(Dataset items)
──────────────────────────────
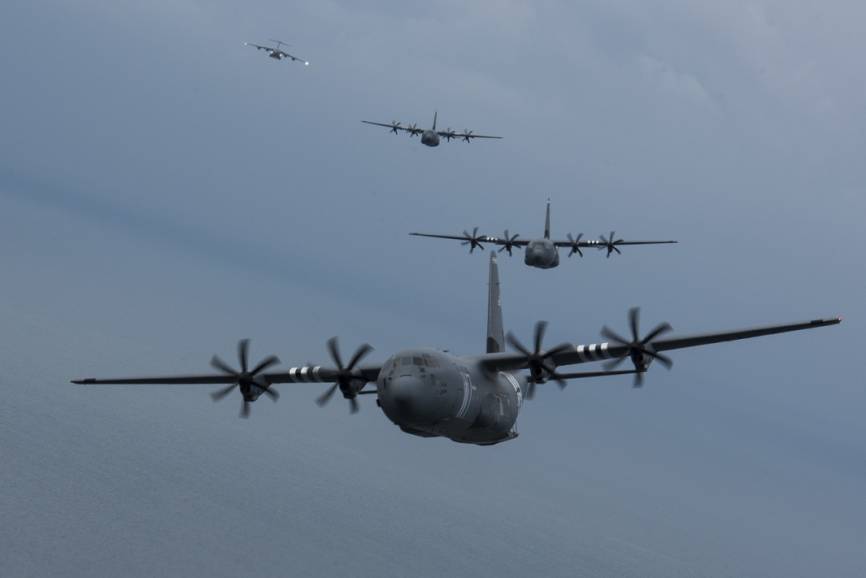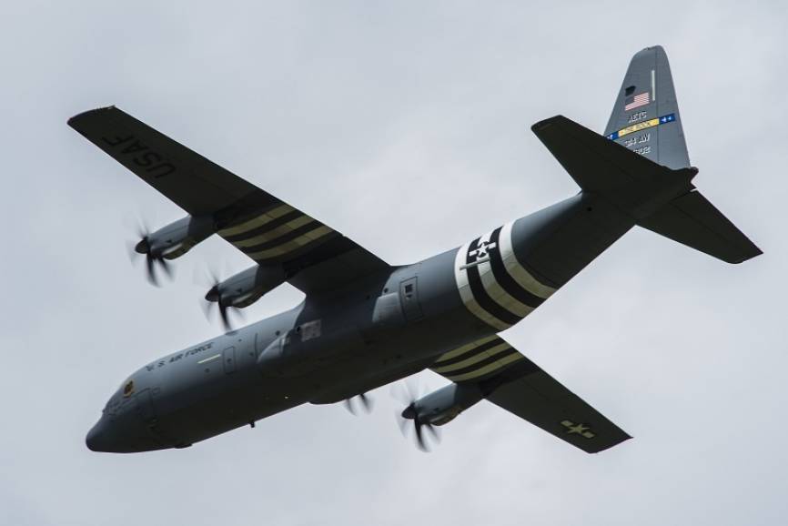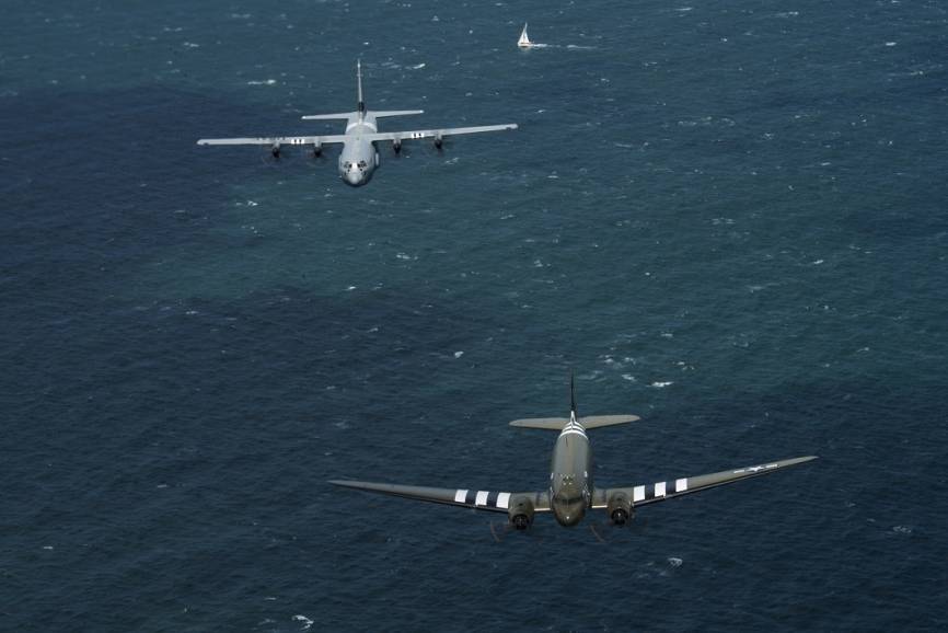 Una curiosa formación, de un C-47 y (detrás) un C-130J “Super Hercules”, el pasado y presente del transporte táctico de la USAF en una sola imagen.
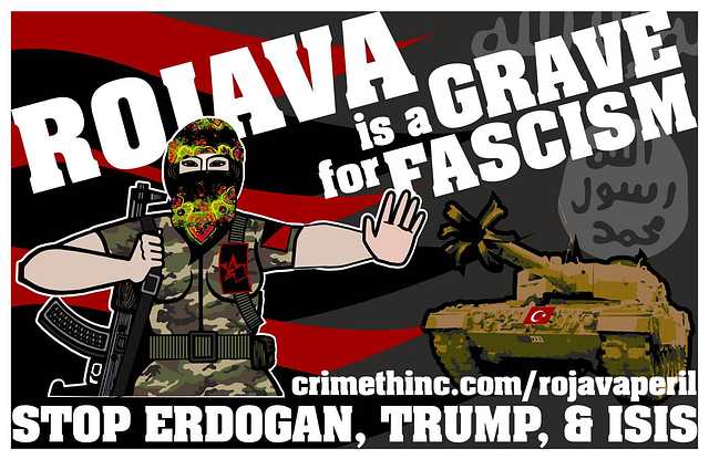 This is not the first time that the revolutionary experiment in Rojava has confronted these same forces. In solidarity, we prepared an updated version of our previous poster supporting the struggle against Recep Tayyip Erdoğan, Donald Trump, and the Islamic State. This new version presents a link to an analysis from American, Chinese, and Russian anarchists who have fought to defend Rojava, discussing the situation in February 2026.
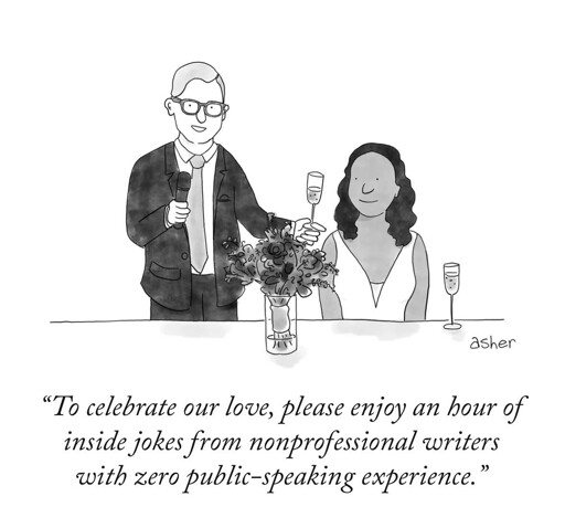 When I was the best man, I worked on my speech for like a month, kept it to like three minutes, had nothing to drink beforehand, and shortened it on the fly to match the maid of honor’s.
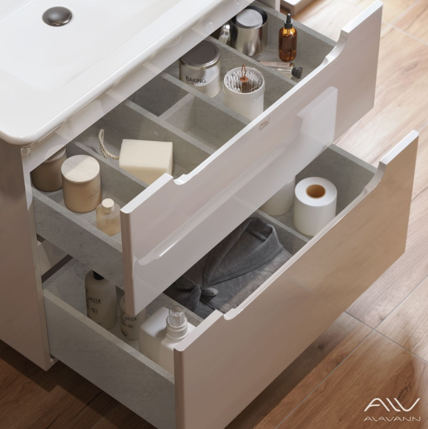 Тумба с раковиной Berta 75 белая воплощает новый уровень комфорта в ванной комнате. Подвесная конструкция с двумя секциями не загромождает пространство и помогает организовать вместительную зону хранения. Интегрированные в фасады ручки-зацепы поддерживают тренд на «невидимый» интерьер, а наличие доводчиков обеспечивает долговечную эксплуатацию выдвижных систем.
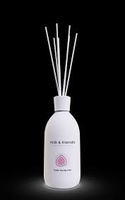 Le profumazioni di Milk & Friends vengono diffuse nell’ambiente attraverso bastoncini in fibra che hanno la caratteristica di assorbire e diffondere gradualmente la fragranza senza la necessità di essere girati, per evitare di sporcarsi le mani.
──────────────────────────────
> **WHAT IS NEEDED**
Retype, word for word, the line containing "When I was the" and each line after it through the end of the data, leaving any picture out.

> **SOLUTION FOR THIS TASK**
 When I was the best man, I worked on my speech for like a month, kept it to like three minutes, had nothing to drink beforehand, and shortened it on the fly to match the maid of honor’s.
 Тумба с раковиной Berta 75 белая воплощает новый уровень комфорта в ванной комнате. Подвесная конструкция с двумя секциями не загромождает пространство и помогает организовать вместительную зону хранения. Интегрированные в фасады ручки-зацепы поддерживают тренд на «невидимый» интерьер, а наличие доводчиков обеспечивает долговечную эксплуатацию выдвижных систем.
 Le profumazioni di Milk & Friends vengono diffuse nell’ambiente attraverso bastoncini in fibra che hanno la caratteristica di assorbire e diffondere gradualmente la fragranza senza la necessità di essere girati, per evitare di sporcarsi le mani.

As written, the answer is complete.